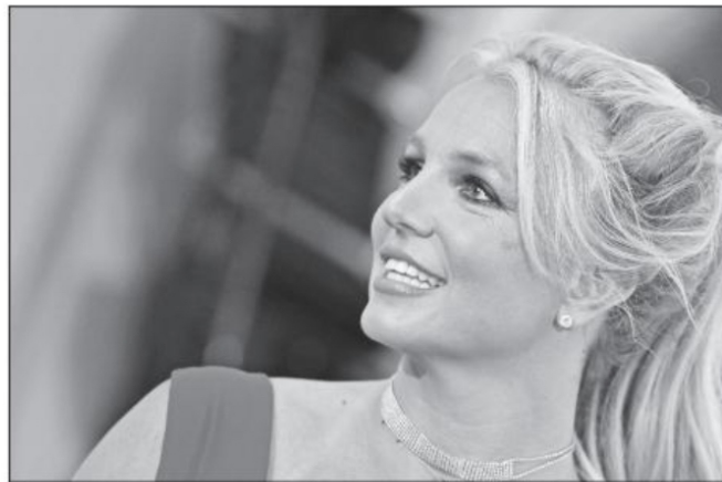
El caso de Britney Spears puede dar luz en la necesidad de pensar los procesos de justicia con perspectiva de género e inclusión ■ FOTO: LA JORNADA ZACATECAS

como se configura la tutela varía dependiendo de la entidad en que se viva. De acuerdo a la Comisión Mexicana de Defensa y Promoción de los Derechos Humanos, los códigos civiles de las entidades federativas establecen que las personas con
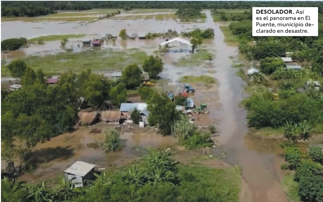
DESOLADOR. Así es el panorama en El Puente, municipio declarado en desastre.

EN EL PUENTE, AGAPITO CASTRO INFORMÓ QUE MÁS DE 1.000 FAMILIAS Y 37 COMUNIDADES HAN SIDO GRAVEMENTE AFECTADAS POR LAS INUNDACIONES.
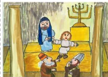
イラスト：池上佐和さん

(ちいろばタイムー教会学校が終わってからの楽しみー)では、先月から始めた「紙カゴ作り」を進めていきます!!前回の続きですが、前回お休みした人や初めての友達も参加できますので、みんなで素敵な紙カゴを編んでみませんか??4月のイースターの時に、もらう卵を入れて持って帰ります。
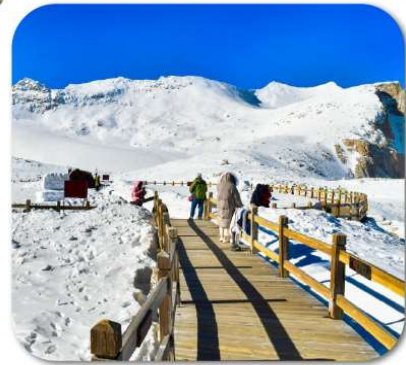
"ต่ากุกลาเซียร์"

เที่ยวชมความงาม 3 อุทยานชื่อดัง : สี้ดรุณี • ปี่เฟิงโกว ต่ากุกลาเซียร์ ชมความน่ารักของหมีแพนด้า • จัตุรัสหยางเทียนวู ชอยกว้างชอยแคบ • ถนนคนเดินซุนซีลู่ • POP MART
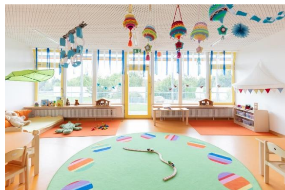
Bild 4 & 5: Raumgestaltung unserer Denk mit Kita München Aubing Ilse-Fehling-Straße

Die räumliche Ausstattung und Ausgestaltung orientierten sich an den Bedürfnissen der uns anvertrauten Säuglinge, Kleinkinder und Kinder. Gemeinsames Spielen ist ebenso möglich wie vorübergehender Rückzug. Das Bedürfnis nach aktiver körperlicher Bewegung kann ebenso erfüllt werden, wie der Wunsch des Kindes nach Kontaktaufnahme zum pädagogischen Fachpersonal und einem gemeinsamen Spiel und Dialog. Damit sich die Kinder gut orientieren, in der Eingewöhnungszeit Vertrauen aufbauen und Vertrautes wiedererkennen können, ist die gute Strukturierung der Gruppenräume Grundlage.
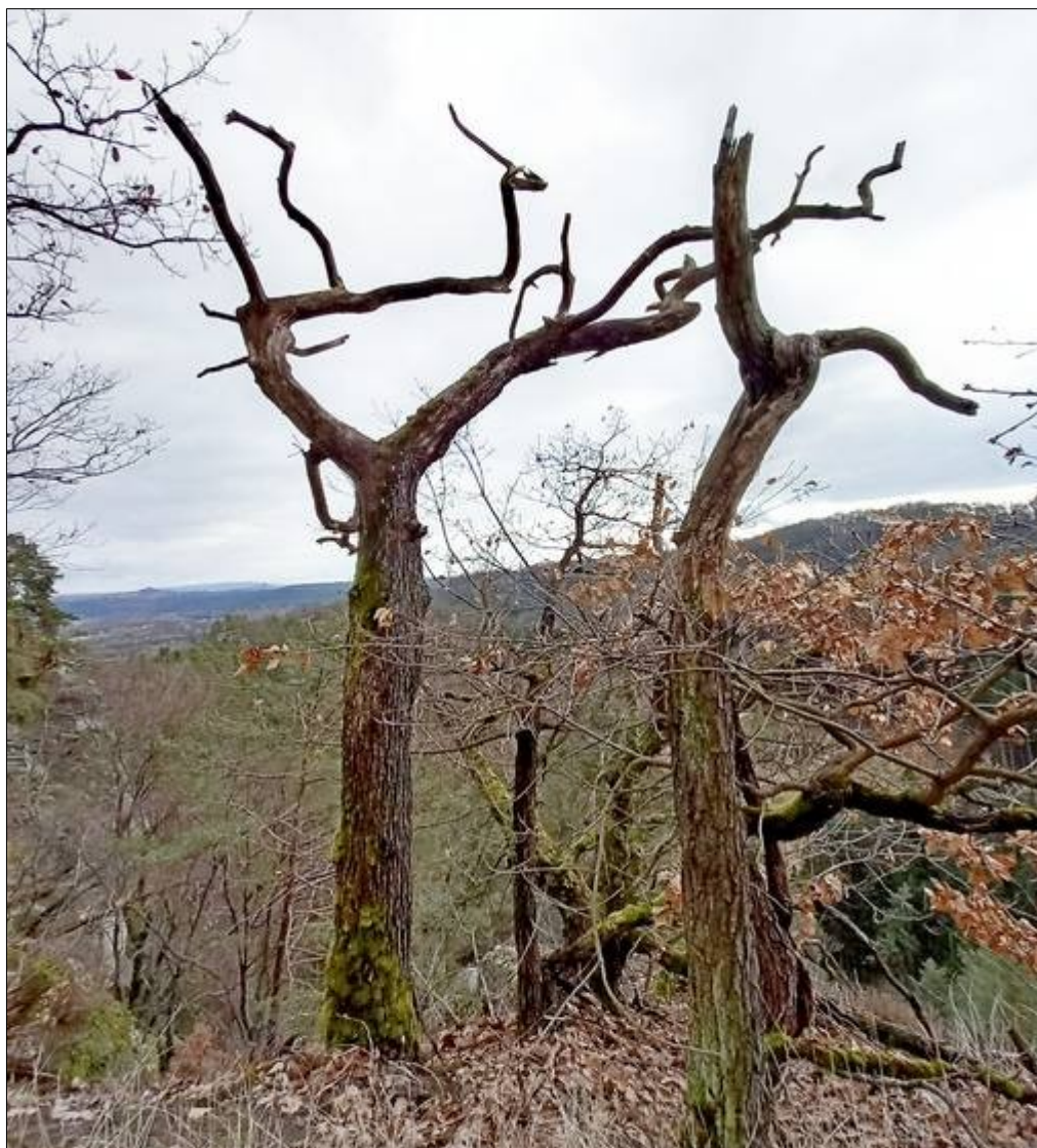
V Příhrazských skalách
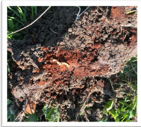
Фотография 7. Повреди от ларви по корена, източник: ОДБХ Варна

Ларвите имат характерна форма. Те нанасят основните повреди по корените на нападнатите растения.
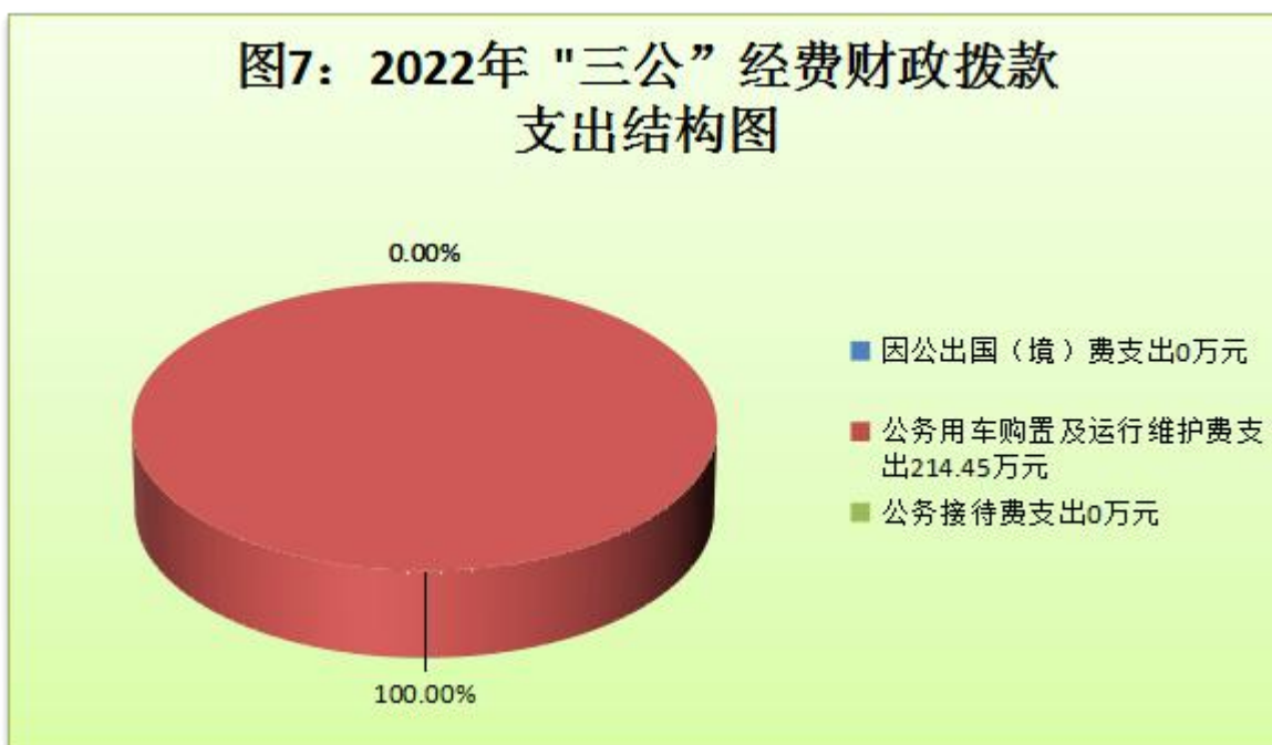
（图7：“三公”经费财政拨款支出结构）

1. 因公出国（境）经费支出0万元，完成预算0%。全年安排因公出国（境）团组0个，出国（境）0人。因公出国（境）支出决算比2020年持平0万元。

### Try it
Leave out the images and repeat the rest of the data word for word.

### Written answer
El caso de Britney Spears puede dar luz en la necesidad de pensar los procesos de justicia con perspectiva de género e inclusión ■ FOTO: LA JORNADA ZACATECAS

como se configura la tutela varía dependiendo de la entidad en que se viva. De acuerdo a la Comisión Mexicana de Defensa y Promoción de los Derechos Humanos, los códigos civiles de las entidades federativas establecen que las personas con
DESOLADOR. Así es el panorama en El Puente, municipio declarado en desastre.

EN EL PUENTE, AGAPITO CASTRO INFORMÓ QUE MÁS DE 1.000 FAMILIAS Y 37 COMUNIDADES HAN SIDO GRAVEMENTE AFECTADAS POR LAS INUNDACIONES.
イラスト：池上佐和さん

(ちいろばタイムー教会学校が終わってからの楽しみー)では、先月から始めた「紙カゴ作り」を進めていきます!!前回の続きですが、前回お休みした人や初めての友達も参加できますので、みんなで素敵な紙カゴを編んでみませんか??4月のイースターの時に、もらう卵を入れて持って帰ります。
"ต่ากุกลาเซียร์"

เที่ยวชมความงาม 3 อุทยานชื่อดัง : สี้ดรุณี • ปี่เฟิงโกว ต่ากุกลาเซียร์ ชมความน่ารักของหมีแพนด้า • จัตุรัสหยางเทียนวู ชอยกว้างชอยแคบ • ถนนคนเดินซุนซีลู่ • POP MART
Bild 4 & 5: Raumgestaltung unserer Denk mit Kita München Aubing Ilse-Fehling-Straße

Die räumliche Ausstattung und Ausgestaltung orientierten sich an den Bedürfnissen der uns anvertrauten Säuglinge, Kleinkinder und Kinder. Gemeinsames Spielen ist ebenso möglich wie vorübergehender Rückzug. Das Bedürfnis nach aktiver körperlicher Bewegung kann ebenso erfüllt werden, wie der Wunsch des Kindes nach Kontaktaufnahme zum pädagogischen Fachpersonal und einem gemeinsamen Spiel und Dialog. Damit sich die Kinder gut orientieren, in der Eingewöhnungszeit Vertrauen aufbauen und Vertrautes wiedererkennen können, ist die gute Strukturierung der Gruppenräume Grundlage.
V Příhrazských skalách
Фотография 7. Повреди от ларви по корена, източник: ОДБХ Варна

Ларвите имат характерна форма. Те нанасят основните повреди по корените на нападнатите растения.
（图7：“三公”经费财政拨款支出结构）

1. 因公出国（境）经费支出0万元，完成预算0%。全年安排因公出国（境）团组0个，出国（境）0人。因公出国（境）支出决算比2020年持平0万元。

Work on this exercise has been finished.